+++ Data extracts +++
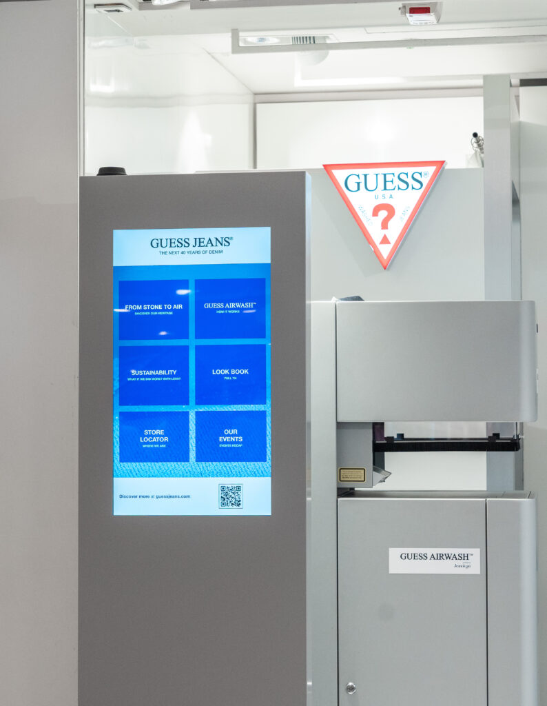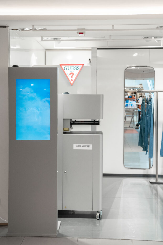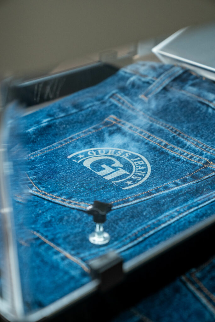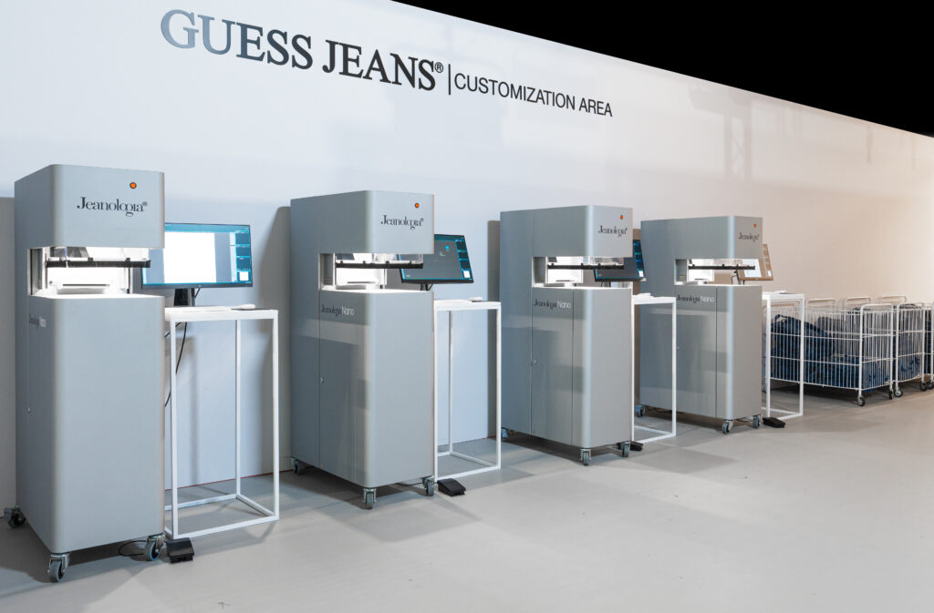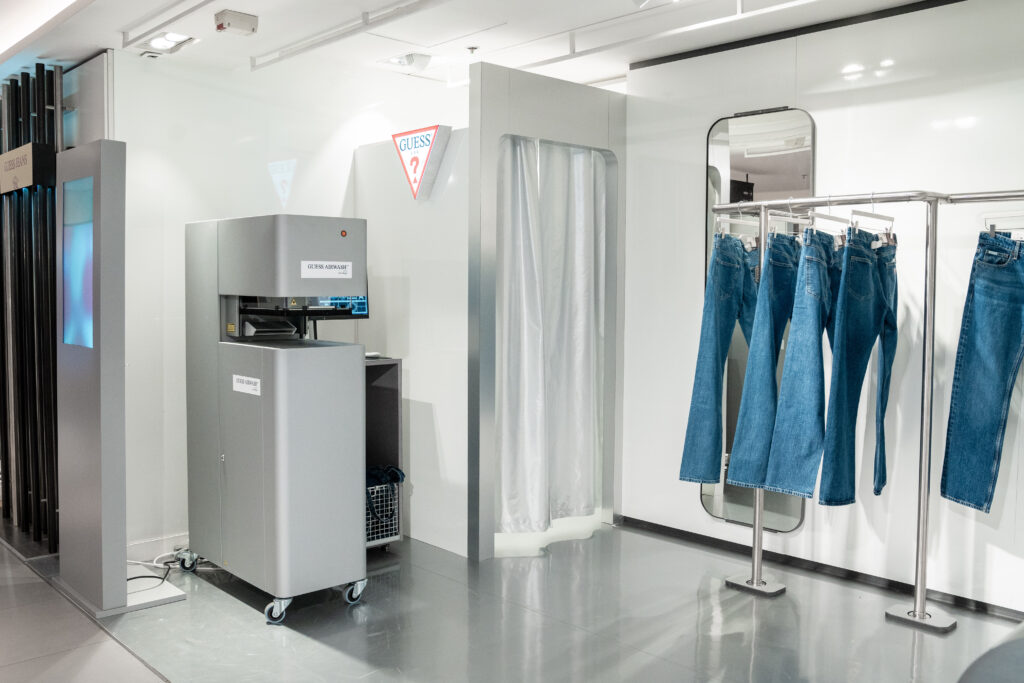 L’installation aux Galeries Lafayette permet aux clients de personnaliser leur jean en temps réel grâce à une technologie laser avancée, offrant une expérience d’achat unique. Cette personnalisation met en avant l’engagement de GUESS JEANS pour une mode individualisée et innovante.
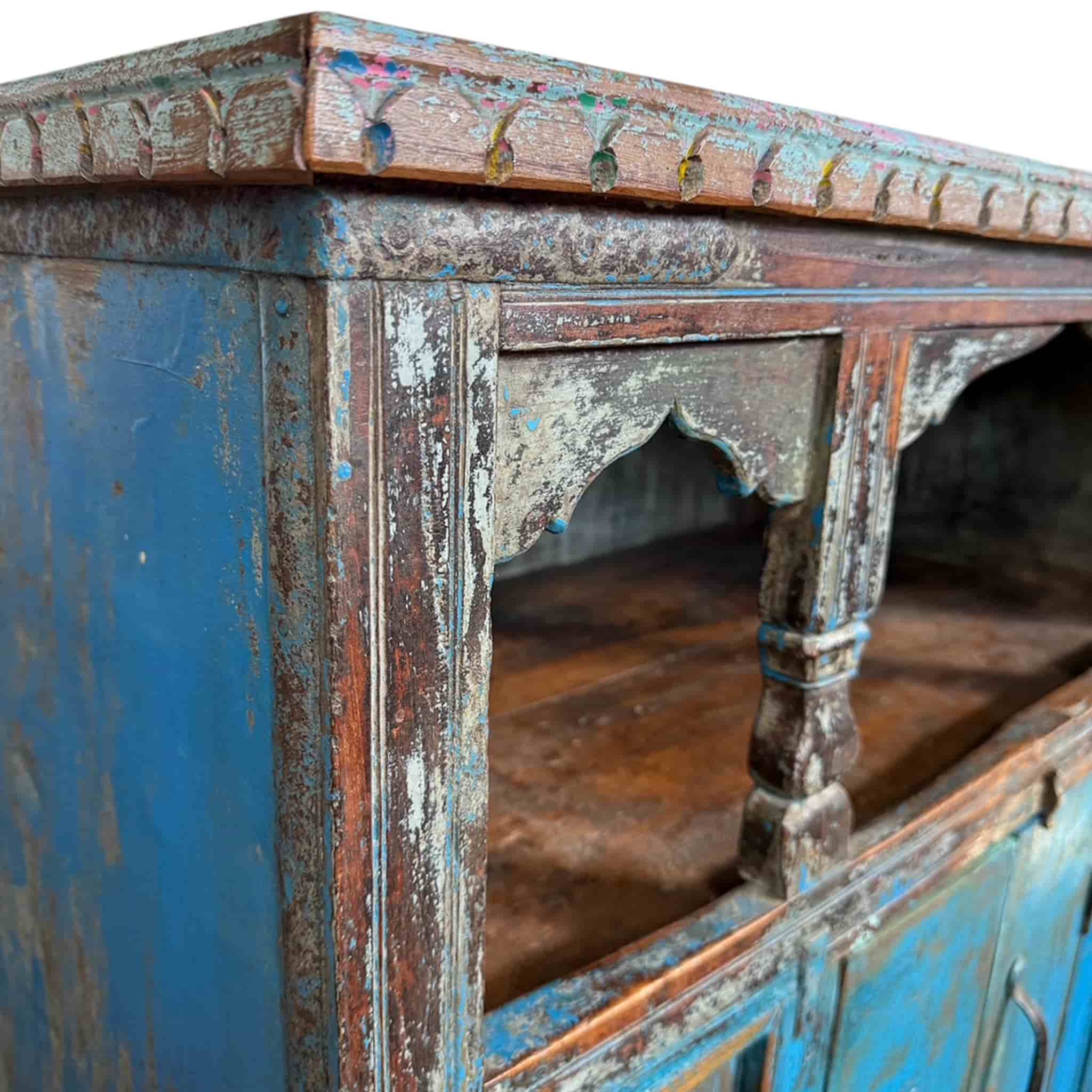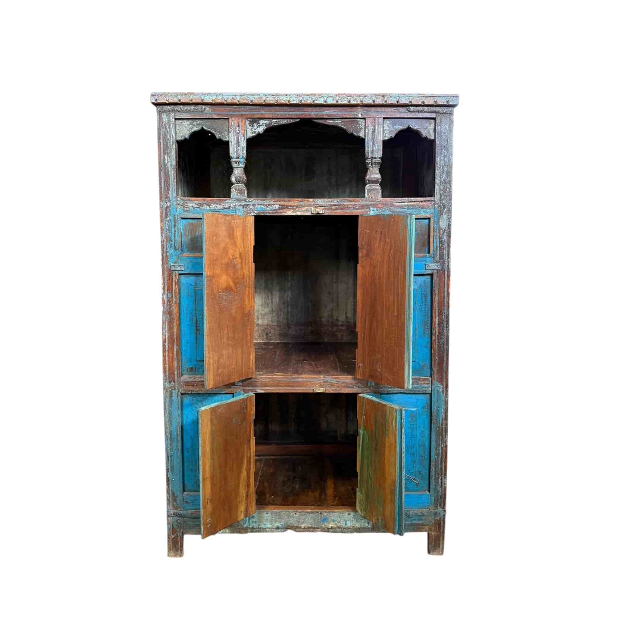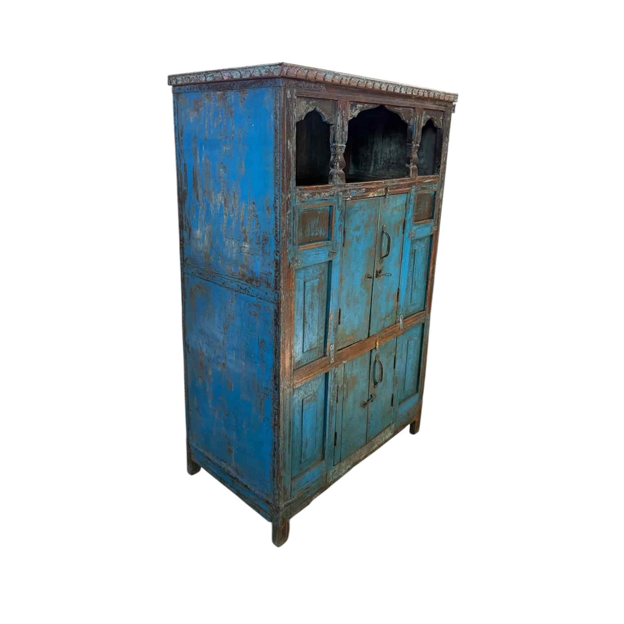 The Brahman Vintage Cabinet Jodhpur Blue is a piece of living history. Originating from the Blue City of Jodhpur, this unique vintage cabinet retains its original rustic blue patina. Features 4 doors and an open Marwari arched top section for displaying curios.
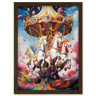 Artery8 Magical Carousel in Rainbow Clouds Bright Bold Vibrant Fantasy Kids Bedroom Baby Nursery Artwork Framed Wall Art Print A4
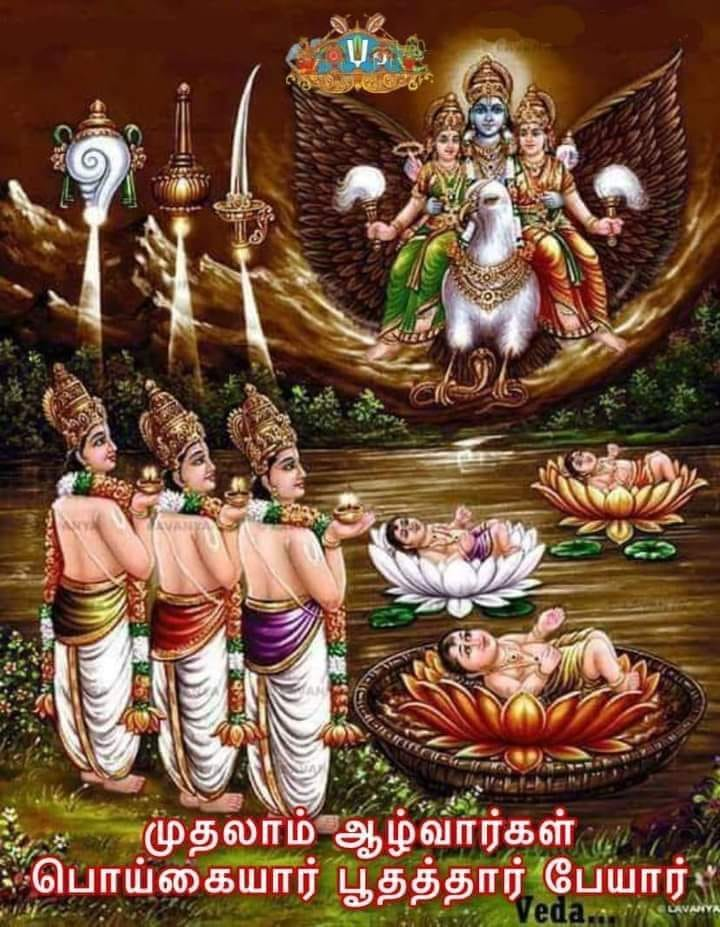 The Mudhal Azhvargal, Poigai Azhvar, Bhoothathazhvar, and Payazhvar, are revered as the first three Azhvars, the earliest saints of the Sri Vaishnava tradition. They were born on three consecutive days in the Siddharti year, Aippasi month. Unlike ordinary births, they divine beings emerged miraculously from flowers, and are therefore called Ayonjiyas, those not born from a womb.
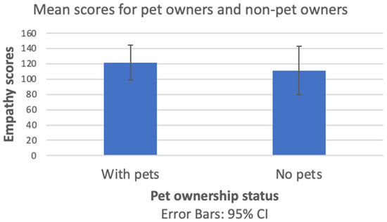 As shown in Figure 3, the mean score of animal empathy for the pet owner group (M = 121.65, SD = 22.83) was higher than the mean score for the non-pet owner group (M = 111.25, SD = 31.49). However, an independent sample t-test did not indicate any significant difference in these findings, t(70) = 1.55, p > 0.05, with a small to moderate effect size (Cohen’s d = 0.41).
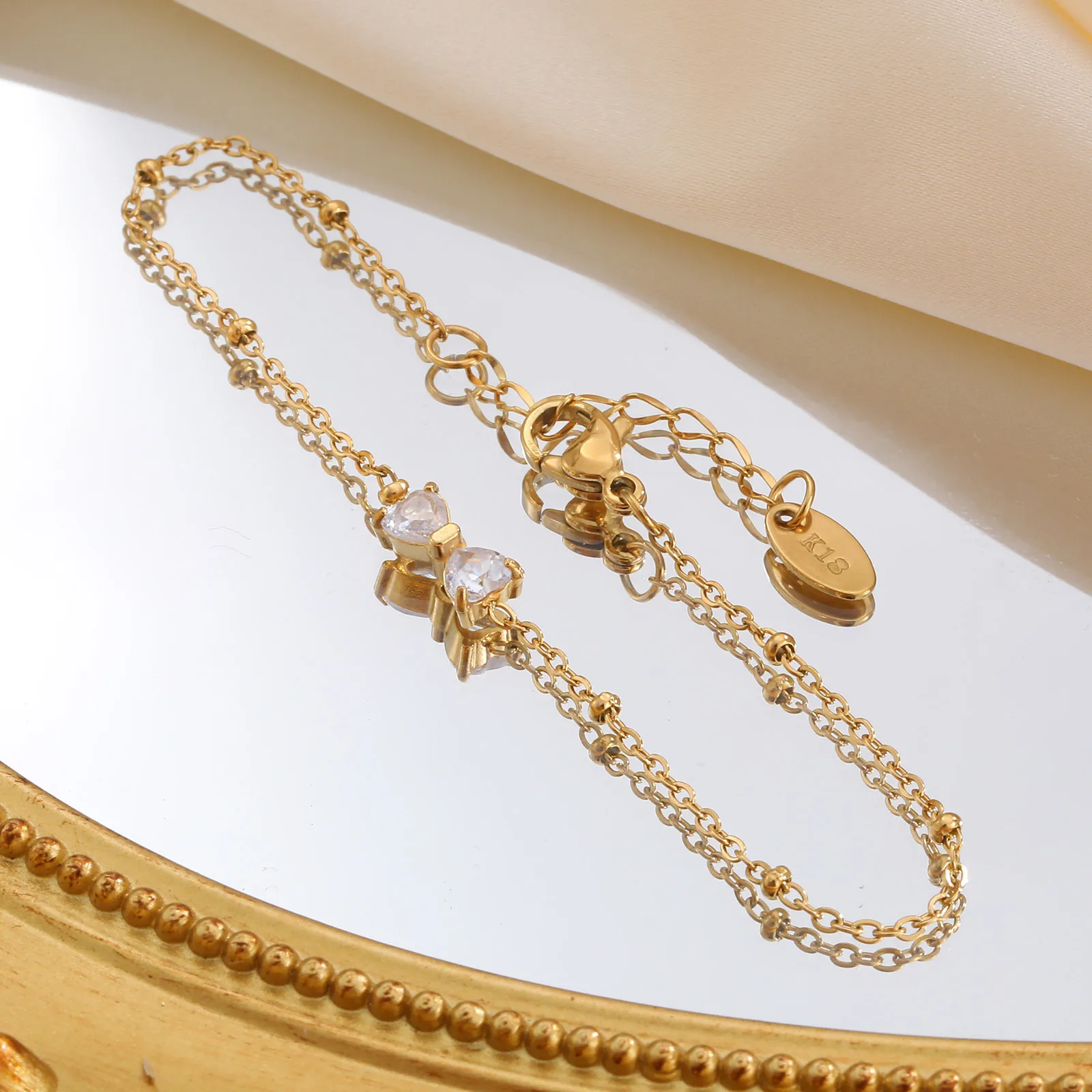 Wholesale High End 18K Gold Plated Stainless Steel Charm Bracelets Hot Sales Zircon Bow Bracelet for Women Daily Wear
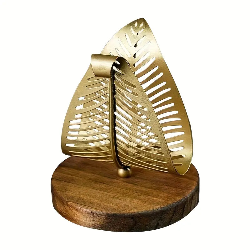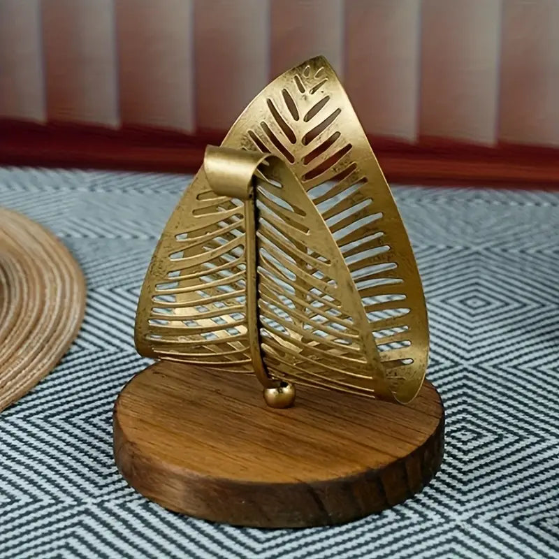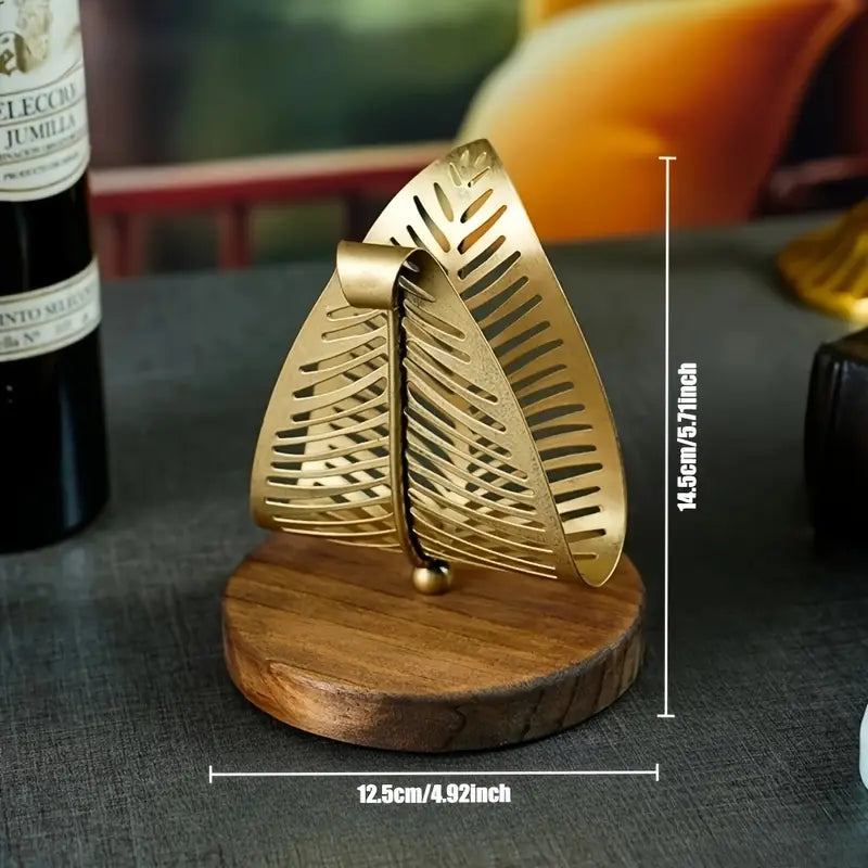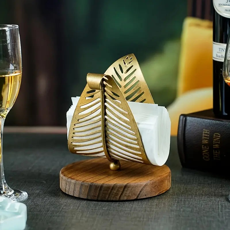 1pc Elegant Golden Leaf-Shaped Napkin Holder - Durable Iron, Stylish Brown Tabletop Decor for Home, Hotel & Restaurant Use, Creative and Durable Design, Napkin Holder for Table
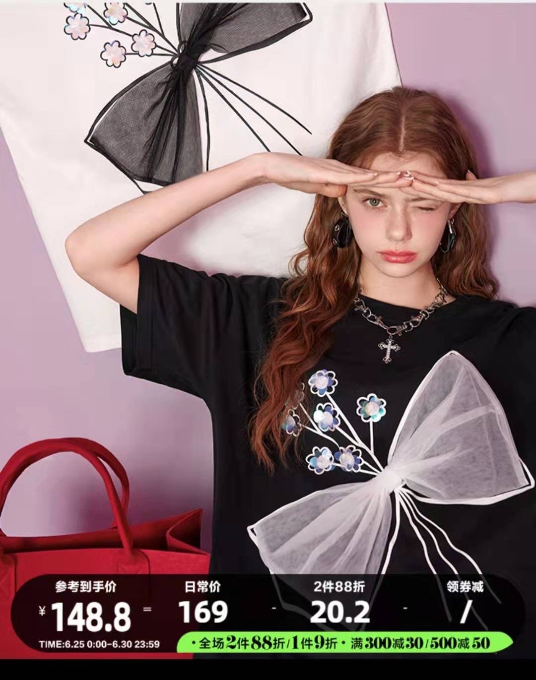 全国包邮短袖女2022年新款夏季ins潮甜美立体花朵印花宽松纯棉
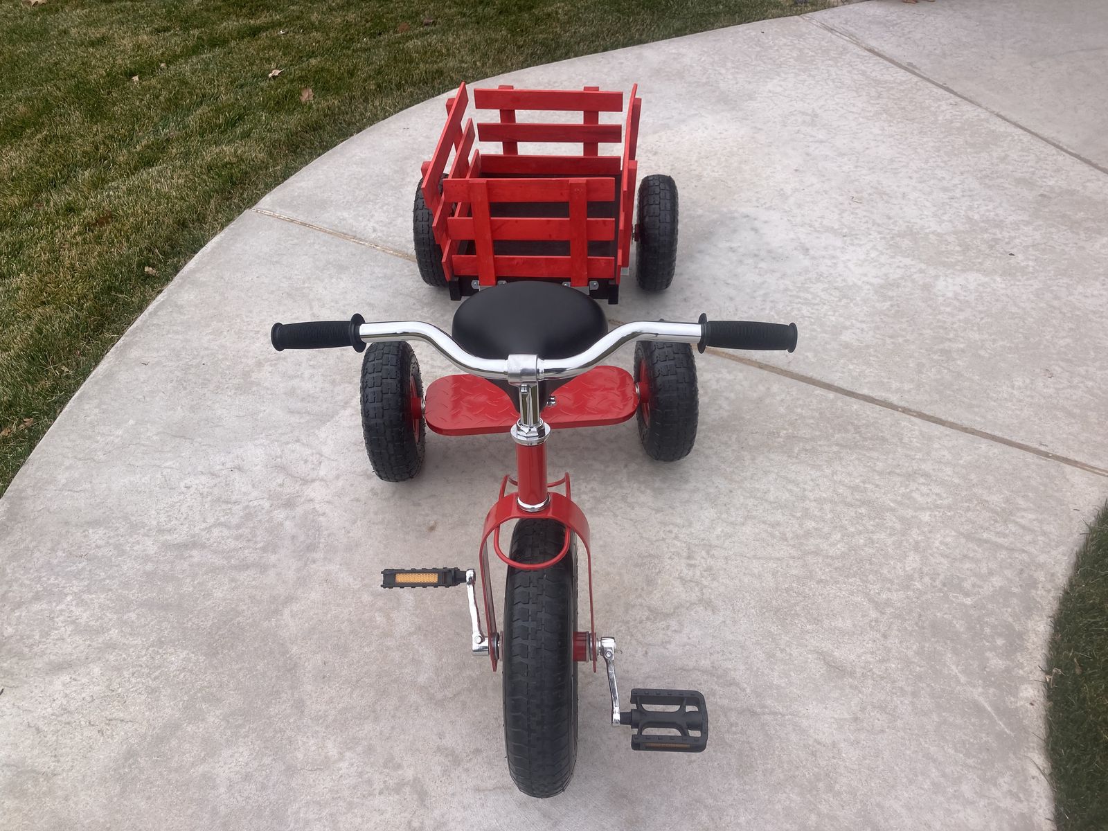 This is a brand new children’s tricycle with a trailer. The trailer is removable. The trailer rack is also removable. This tricycle/trailer combo retails for $215.00.
+++
Problem - Exactly the lines from the one holding "The Mudhal Azhvargal, Poigai" to the last line of the records above should be duplicated, with no pictures among them.

Answer to the problem -
 The Mudhal Azhvargal, Poigai Azhvar, Bhoothathazhvar, and Payazhvar, are revered as the first three Azhvars, the earliest saints of the Sri Vaishnava tradition. They were born on three consecutive days in the Siddharti year, Aippasi month. Unlike ordinary births, they divine beings emerged miraculously from flowers, and are therefore called Ayonjiyas, those not born from a womb.
 As shown in Figure 3, the mean score of animal empathy for the pet owner group (M = 121.65, SD = 22.83) was higher than the mean score for the non-pet owner group (M = 111.25, SD = 31.49). However, an independent sample t-test did not indicate any significant difference in these findings, t(70) = 1.55, p > 0.05, with a small to moderate effect size (Cohen’s d = 0.41).
 Wholesale High End 18K Gold Plated Stainless Steel Charm Bracelets Hot Sales Zircon Bow Bracelet for Women Daily Wear
 1pc Elegant Golden Leaf-Shaped Napkin Holder - Durable Iron, Stylish Brown Tabletop Decor for Home, Hotel & Restaurant Use, Creative and Durable Design, Napkin Holder for Table
 全国包邮短袖女2022年新款夏季ins潮甜美立体花朵印花宽松纯棉
 This is a brand new children’s tricycle with a trailer. The trailer is removable. The trailer rack is also removable. This tricycle/trailer combo retails for $215.00.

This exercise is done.